MANISTIQUE — In early May 1959, a small group of Michigan State Police troopers practiced their diving and recovery methods, probing the clear, cold waters of the state’s largest natural spring, located 12 miles northwest of Manistique — the Big Spring called Kitch-iti-kipi. Loaded Springs
Outfitted with wool mittens and socks, insulated underwear and heavy rubber suits, the troopers carried onion sacks with them to the bottom of the 40-foot depth to retrieve beer cans, pop bottles, a toy pistol and a golf club.
But to really get to the bottom of the Big Spring, you need to go back in time a few more years to uncover the efforts of John Ira Bellaire, a former schoolteacher and native of St. Joseph County, who came to the Upper Peninsula pursuing a newspaper classified ad that sought a store salesman in Seney.
In spring 1893, Bellaire became a salesman for the Morrison and Schneider general store in Seney, purchasing the store three years later. Bellaire then spent a decade during the wildest days of the white pine bonanza in Seney – a then drinking and whoring lumberjack town nicknamed “Hell” by some.
“In 1904, shortly after robbers blew open his safe, Bellaire sold the store building and moved the business to Germfask where he had previously operated a branch store,” the Escanaba Daily Press reported. “Ten years later, he sold the Germfask business and went to Blaney to become manager of the Wisconsin Land and Lumber Co. general store.”

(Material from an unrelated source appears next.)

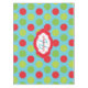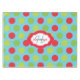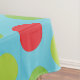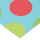 Big polka dots of lime, green, and red on an aqua blue background Christmas holiday tablecloth with a centre framed banner of white and red with red text area to add your surname, blue text area to add your monogram initial!

In 1925, Bellaire moved to Manistique, purchasing the Riverside Coal and Produce Co. when it went bankrupt. About this same time, Bellaire began his nascent efforts to promote the Big Spring.
“Bellaire fell in love with the Big Spring when it was still a black hole all but hidden in a tangle of fallen trees,” according to a state park brochure.
The 300-foot by 175-foot oval pool gushes more than 10,000 gallons per minute from numerous fissures in the underlying limestone.
“Vegetation grew lush, draping the piles of trash dumped into the pool by the lumber company which operated nearby,” the brochure stated.
In years past, the spring – with its constant 45-degree temperature and emerald-tinted waters – had been a popular picnic place. Visitors crossed Indian Lake – the eventual destination of the spring’s outflow – by boat and then hiked to the spring.
At one point, a narrow-gauge railroad brought visitors to the spot from Thompson.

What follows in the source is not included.